Читаем Кандидат партии полностью

Л ю д м и л а. Здравствуйте, Анатолий Акимович. Сияете вы как серебряный самовар, - приятно посмотреть.

В о с т р я к о в. Разрешите считать за комплимент?

Л ю д м и л а. Как вам угодно будет. Ты лососину покупал?

В о с т р я к о в. Я.

Л ю д м и л а. Оно и видно. Что же не попросил нарезать?

В о с т р я к о в. Для скорости. (Пауза.) Вы бы хоть поздравили, что ли...

Л ю д м и л а. Поздравляю. Не заносись только.

В о с т р я к о в. Прохладно.

Л ю д м и л а. По погоде.

В о с т р я к о в. Директор - так тот меня обнял, поцеловал...

Л ю д м и л а. Тем более. Куда же мне после директора... Колбасу ты покупал?

В о с т р я к о в. Нет. А что?

Л ю д м и л а. Ничего. Очень хорошая.

В е н ц о в а (подошла к Людмиле). Ваш брат не хочет нас познакомить, но мы обойдемся без него, правда? Венцова.

Л ю д м и л а. Очень приятно. Леонтьева. Вы не подумайте, пожалуйста, что он всегда такой, он у нас мальчик вежливый... Микола, поди сюда, не ходи как потерянный. (Обняла брата за плечи.) Он ведь у нас еще маленький.

Н и к о л а й. Не вяжись, Людмила. Отстань.

Л ю д м и л а. Это он при вас хорохорится. Я же говорю - маленький.

В е н ц о в а. Разве вы старше?

Л ю д м и л а. Когда была жива мама, я была младшая. А теперь приходится быть старшей.

В е н ц о в а. Давно умерла ваша мама?

Л ю д м и л а (тихо). В войну. Летом сорок первого мама с тетей Милой, младшей сестрой, поехали к бабушке под Харьков, а обратно выбраться не смогли, ну и попали под оккупацию. Угнали их в Германию. Мама там и погибла, а тетю Милу в сорок пятом привезли больную. Она сперва хорошо поправилась, а прошлой весной вдруг ей опять хуже стало, слегла и уже больше не встала.
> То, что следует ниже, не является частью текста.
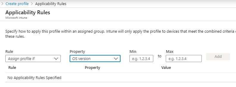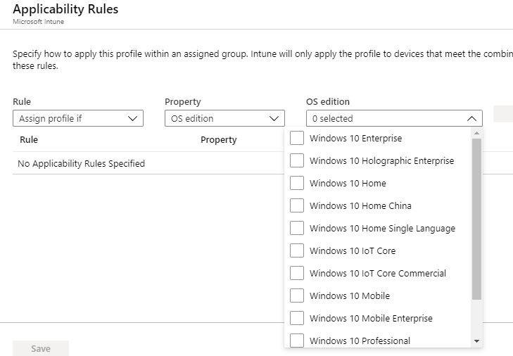 After clicking OK a couple of times, we can then set any Scope Tags or Applicability Rules. Applicability Rules allow you apply (or not assign) the settings to specific OS editions.
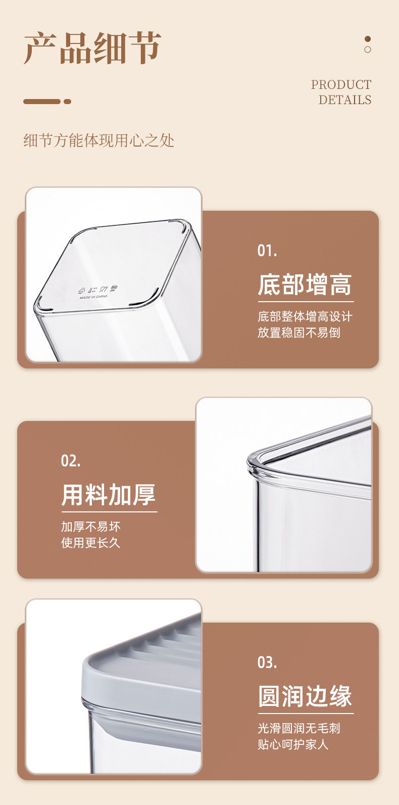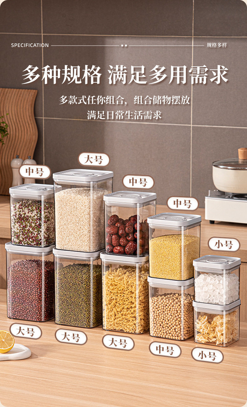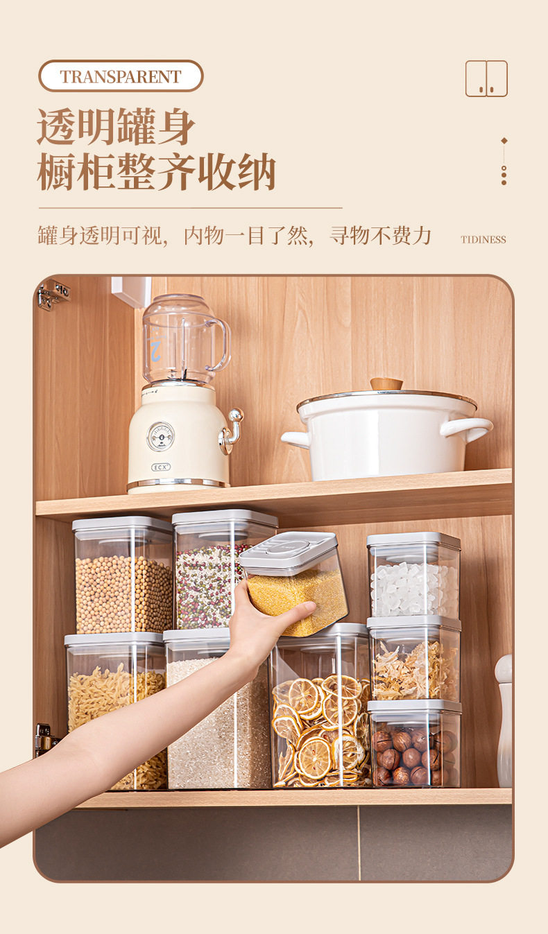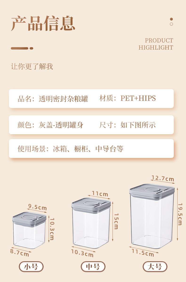 Chronometer-Pressed Sealed Cans, Transparent 3-Piece Set, Square Pet, Extra-Large Capacity Plastic Kitchen Fresh-Keeping Storage Containers

Н и к о л а й. Ну зачем ты, Милка? Ларисе Федоровне это совсем не интересно.

К а с а т к и н (подошел). О чем разговор? (Венцовой.) Я их обеих знал, и Ксению Петровну и Людмилу Петровну - умница была, а уж красавица, - Милка хороша растет, а покойница лучше была. Эх, нет у меня литературного дара, интересный, понимаешь, роман можно бы написать - и с любовным моментом и на высоком идейном уровне. Вообрази себе, Ларочка, секретарь нашего парткома Алексей Плотовщиков, мой друг, к слову сказать, колоритнейшая фигура, страстно влюбился в ихнюю тетку, два года добивался ответного чувства, покорил сердце, двадцать первого июня - свадьба, двадцать второго - война... Интересный факт: это я ведь их и познакомил. Мила, роднуша, куда же ты?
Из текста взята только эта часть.